• [Problem details]
Going line by line through the records below, write out everything starting with the line containing "1/1.4/1.9L!温かい" and going on through the line containing "Then the excitement", exactly and inclusively. Pictures do not go in.

#### Input for this task

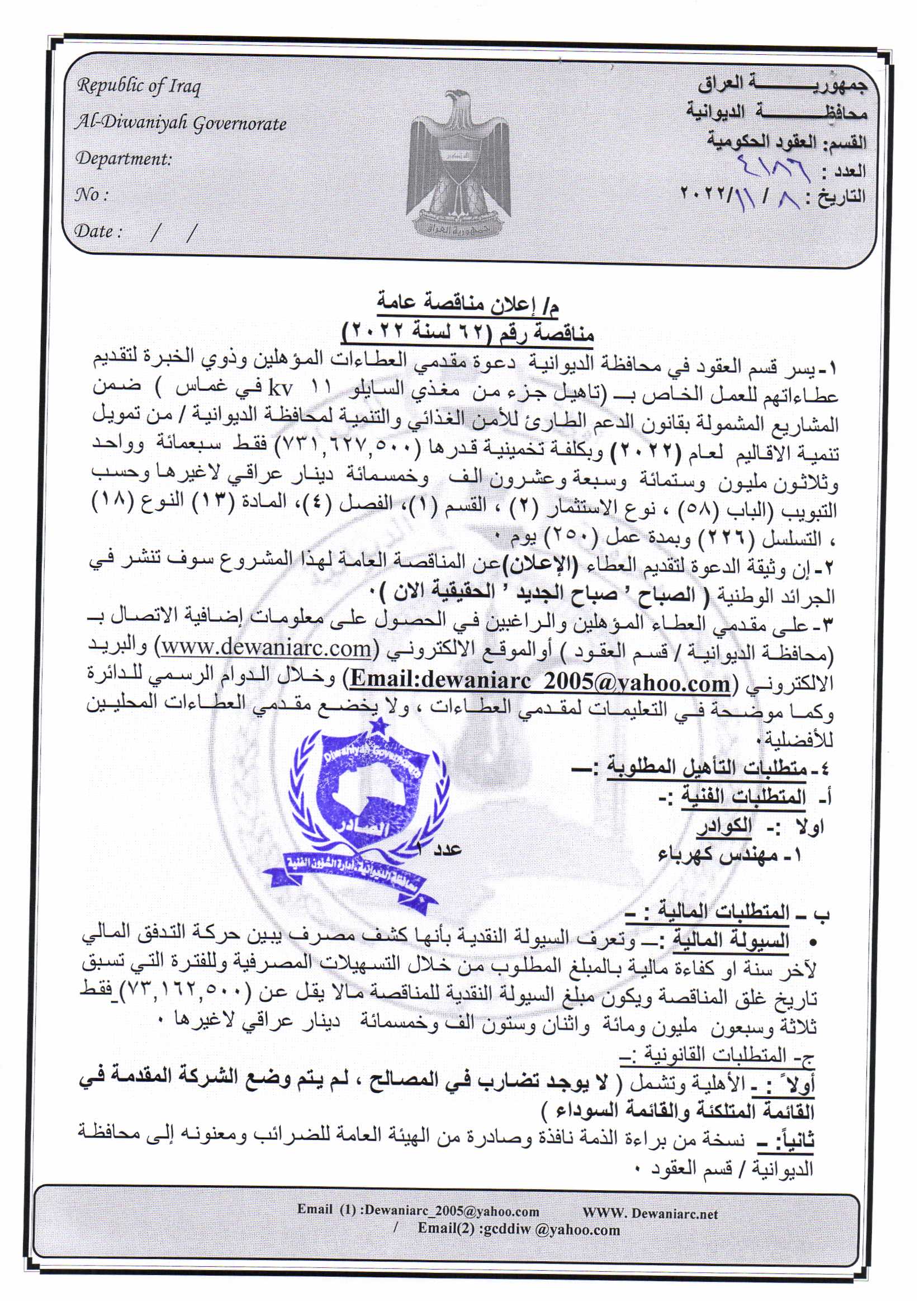 ﴿ إعلان مناقصة (62) لسنة 2022
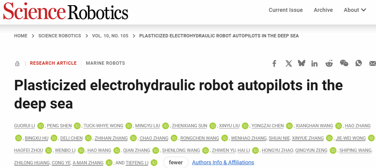 近日,我院人机物融合智能计算团队负责人於志文教授参与完成的最新研究成果“Plasticized electrohydraulic robot autopilots in the deep sea”被国际顶级期刊《Science Robotics》录用并在线发表。该研究面向高温、低压等极端条件下的深海高端装备领域,成功研发了新一代海洋软体机器人,并在1369米深度冷泉区和4070米深度海山区成功测试部署,获得了《Science》期刊官方主页专题报道。该成果由哈尔滨工程大学、西北工业大学、浙江大学、同济大学等单位共同完成。
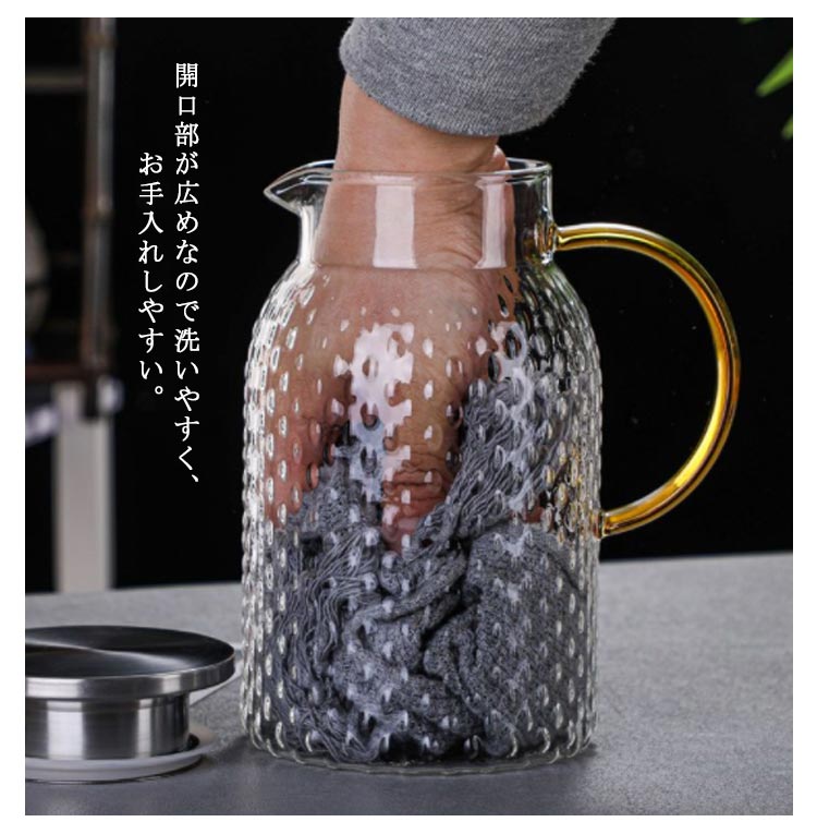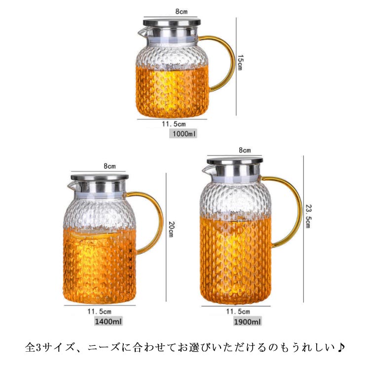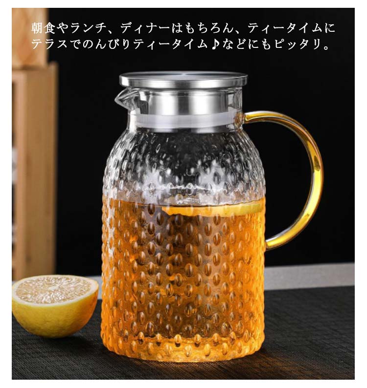 1/1.4/1.9L!温かい飲み物にも冷たい飲み物にも使える耐熱ガラス製のピッチャー-30℃~150℃対応可能、沸かしたお茶も入れますし、アイスコーヒーも手軽にできて一年中重宝します。二つの機能を付けたフィルター、ニーズに合わせて転換可能です。電気陶炉、ガスコンロともご使用可能です。(IH調理器対応できません)朝食やランチ、ディナーはもちろん、ティータイムにテラスでのんびりティータイム♪などにもピッタリ。開口部が広めなので洗いやすく、お手入れしやすい。爽やかな触感 ほどよいの手持ち感、ご自分用はもちろん、プレゼントとしてもオススメ。全3サイズ、ニーズに合わせてお選びいただけるのもうれしい♪
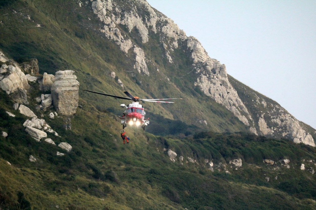 Then the excitement began. The coastguard helicopter arrived over the cliff top and dropped down close to the end of the beach. After a couple of practices it went in very close to the cliff face a lifted a casualty up before making a quick exit toward Dorchester Hospital.
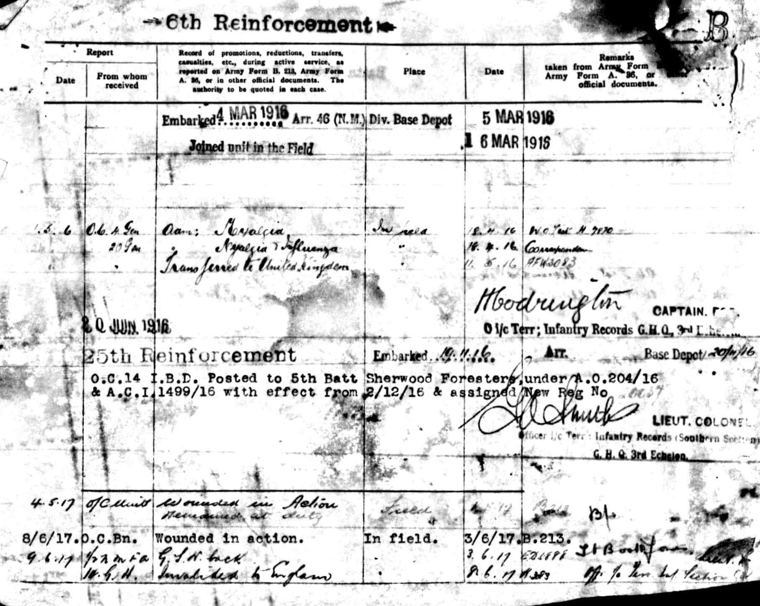 Page 2 of his Army Service Recording that Thomas returned to the 1/6th Battalion in France with the 6th Reinforcement on the 4th March 1916. However, he again returned to England on the 11th May 1916 suffering from mayagia (muscle pain) and influenza.
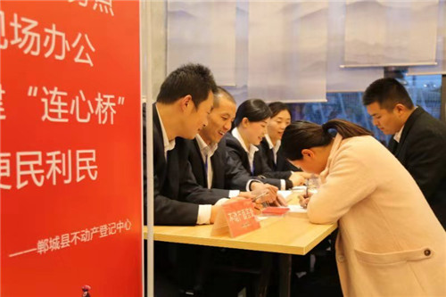 11月10日至13日,郸城县不动产登记中心紧紧围绕“服务群众、服务民生”,用钉钉子的精神,苦练绣花功夫,创新服务方式,主动贴近服务,擦亮“小窗口”,进驻刚开盘的楼盘,积极搭建起便民利民“连心桥”,真正做到让信息多跑路、让群众少跑路,实现了“流程顺畅、高效便捷、群众满意”的业务办理,受到了办事群众和企业的高度称赞。
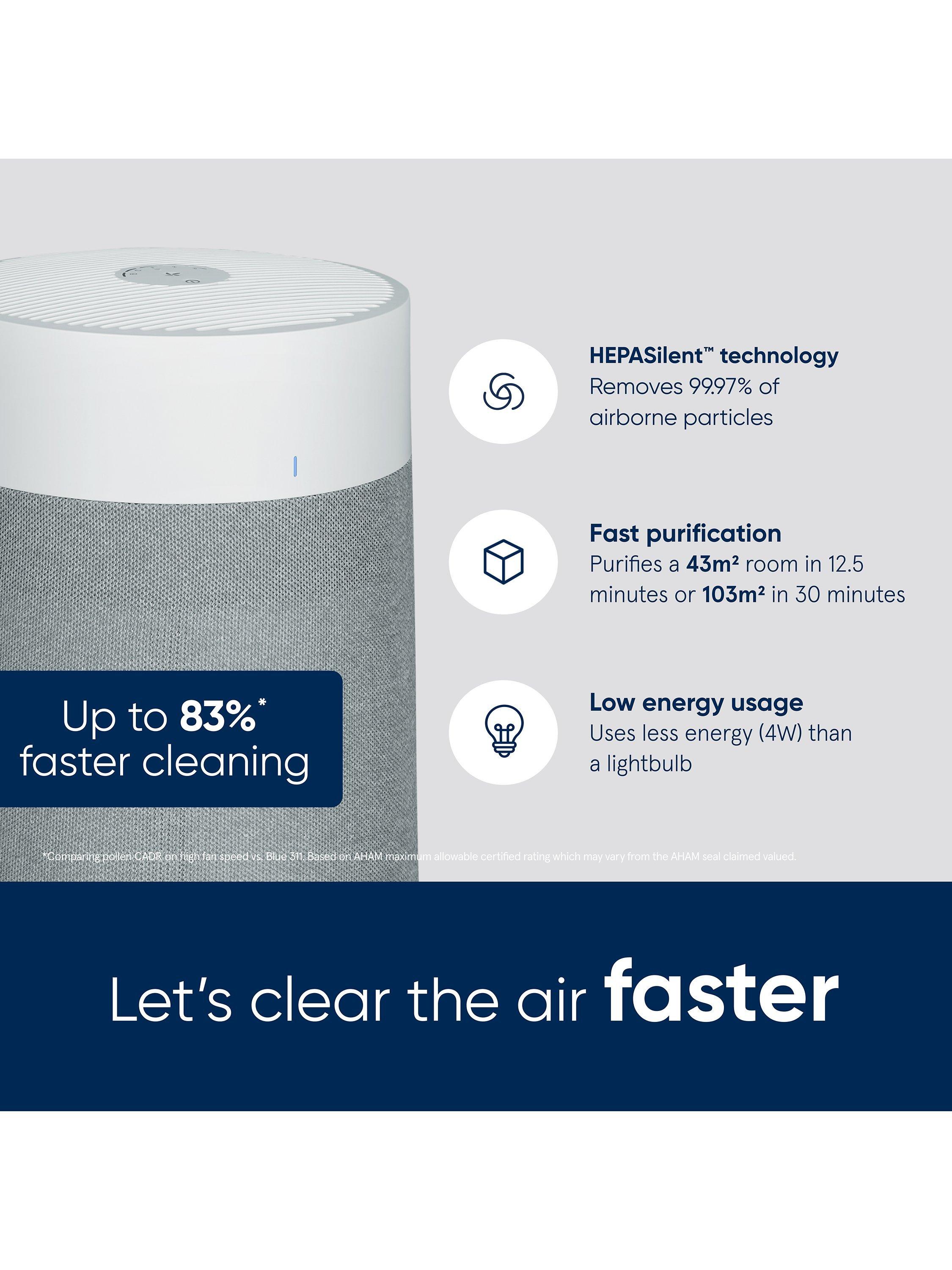 Only Blueair air purifiers use HEPASilent™ dual filtration, delivering more clean air faster¹ and using less noise² and energy than HEPA filtration alone. Purifies up to 103m2 living space in 30 minutes or 43m2 in 12.5 minutes on high.

########

• [Response area]
 1/1.4/1.9L!温かい飲み物にも冷たい飲み物にも使える耐熱ガラス製のピッチャー-30℃~150℃対応可能、沸かしたお茶も入れますし、アイスコーヒーも手軽にできて一年中重宝します。二つの機能を付けたフィルター、ニーズに合わせて転換可能です。電気陶炉、ガスコンロともご使用可能です。(IH調理器対応できません)朝食やランチ、ディナーはもちろん、ティータイムにテラスでのんびりティータイム♪などにもピッタリ。開口部が広めなので洗いやすく、お手入れしやすい。爽やかな触感 ほどよいの手持ち感、ご自分用はもちろん、プレゼントとしてもオススメ。全3サイズ、ニーズに合わせてお選びいただけるのもうれしい♪
 Then the excitement began. The coastguard helicopter arrived over the cliff top and dropped down close to the end of the beach. After a couple of practices it went in very close to the cliff face a lifted a casualty up before making a quick exit toward Dorchester Hospital.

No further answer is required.